TASK PROMPT
Only the lines from the top of the listing below to the line that has "Office Party Wear" should be echoed, with both ends kept and pictures left out.
▶
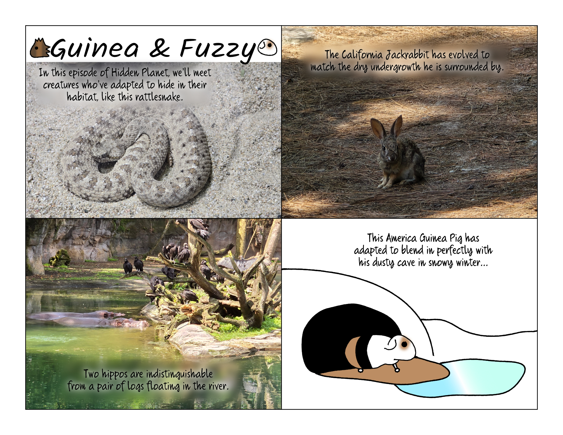 I was wondering what Fuzzy's fashionable coat evolved for. This is clearly the explanation. What other environment is white, black, brown? Potato blends in well with a forest floor with pools of sunlight on it. And Bean blends in with milk chocolate marshmallow swirl...
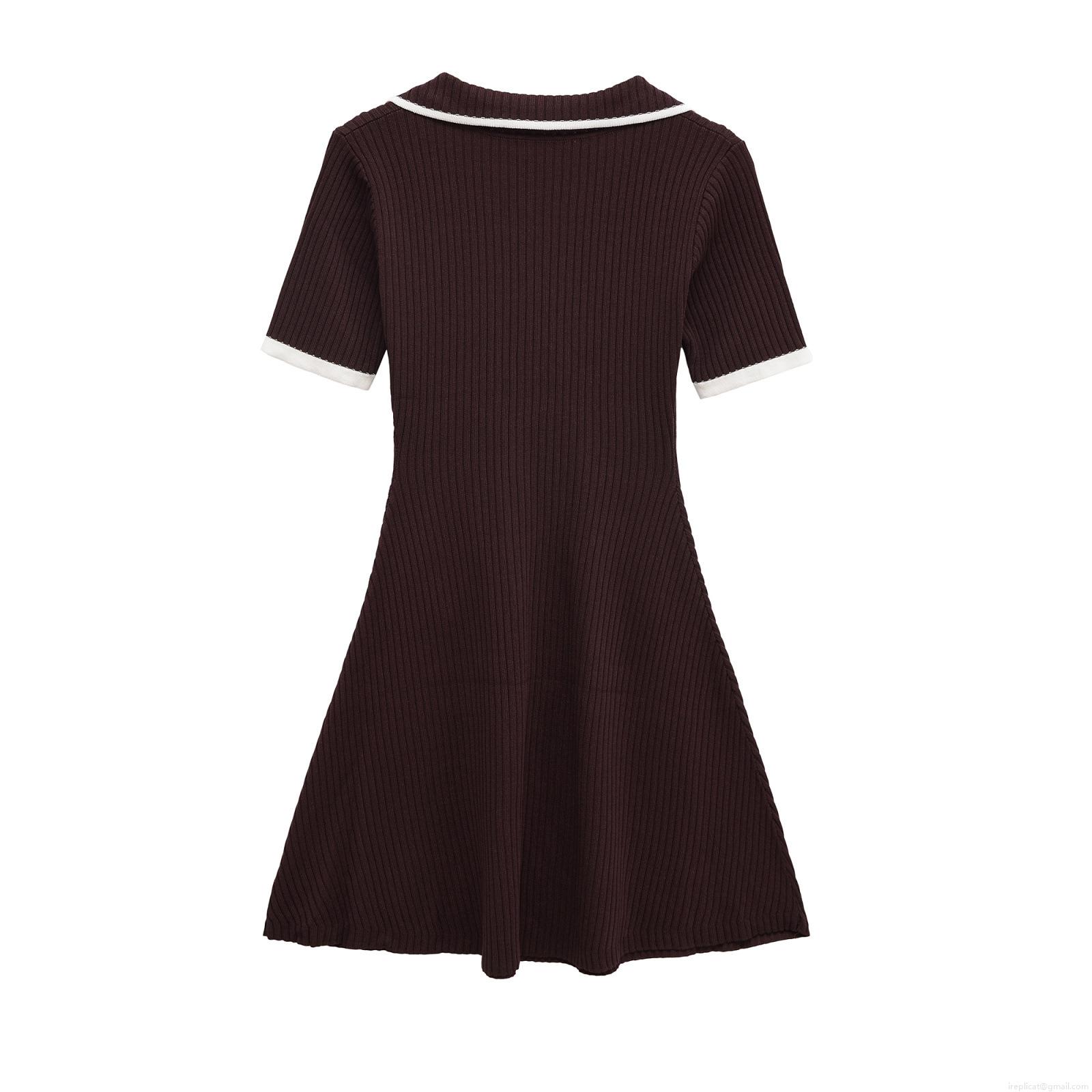 • Women's Elegant V-Neck Knit Mini Dress Short Sleeve Ribbed A-Line Dress with Contrast Trim and Decorative Metal Buttons for Casual Office Party Wear
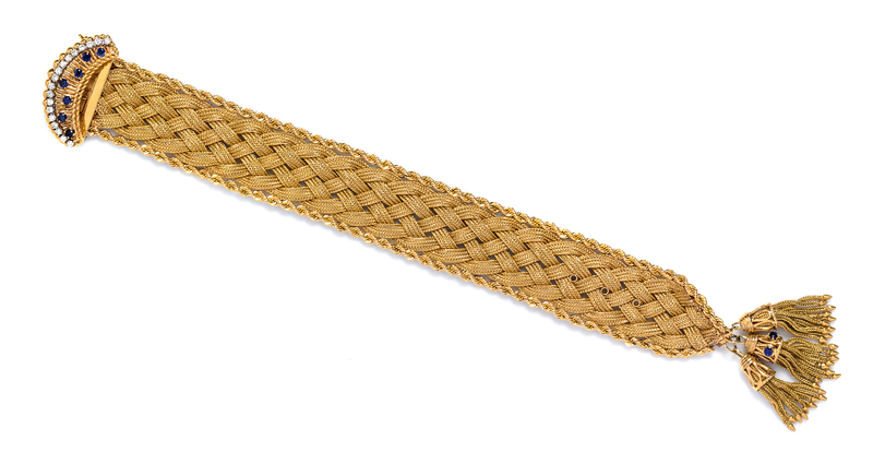 consisting of a braided link bracelet edged in rope chain and measuring approximately 25.00 mm in width with an extended overlay covering containing 18 round brilliant cut diamonds weighing approximately 0.58 carat total and seven round cut sapphires measuring 2.63-2.73 mm in diameter, ending with a fringed tassle containing two round cut sapphires measuring 2.73-2.79 mm in diameter.Stamp: 14K (partially obscured).
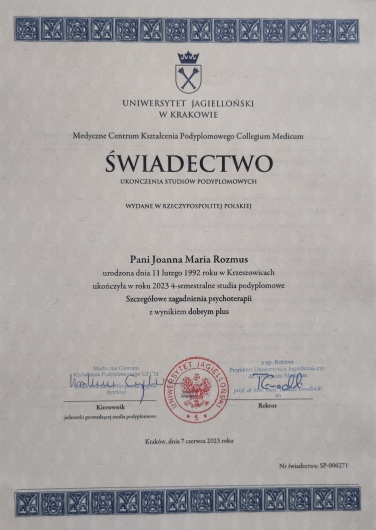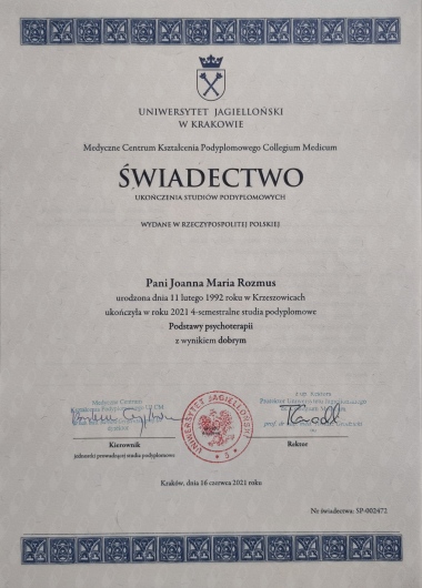 Jestem również psychoterapeutką. Ukończyłam czteroletnie studia podyplomowe Podstawy psychoterapii oraz Szczegółowe zagadnienia psychoterapii w Katedrze Psychoterapii UJ CM - kształcenie przygotowujące do uzyskania Certyfikatu Psychoterapeuty.
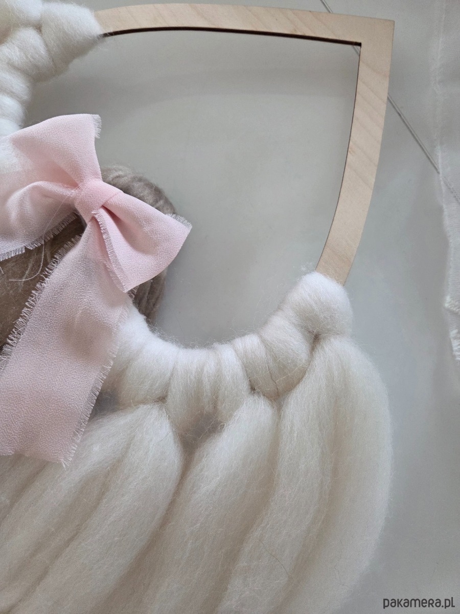 Ręcznie wykonany anioł z miękkiej, puszystej wełny czesankowej, umieszczony w drewnianej obręczy w kształcie serca. Naturalne materiały, subtelna forma i jasna kolorystyka sprawiają, że dekoracja wprowadza do wnętrza spokój, ciepło i przytulny klimat.
◀
EXERCISE RESPONSE
 I was wondering what Fuzzy's fashionable coat evolved for. This is clearly the explanation. What other environment is white, black, brown? Potato blends in well with a forest floor with pools of sunlight on it. And Bean blends in with milk chocolate marshmallow swirl...
 • Women's Elegant V-Neck Knit Mini Dress Short Sleeve Ribbed A-Line Dress with Contrast Trim and Decorative Metal Buttons for Casual Office Party Wear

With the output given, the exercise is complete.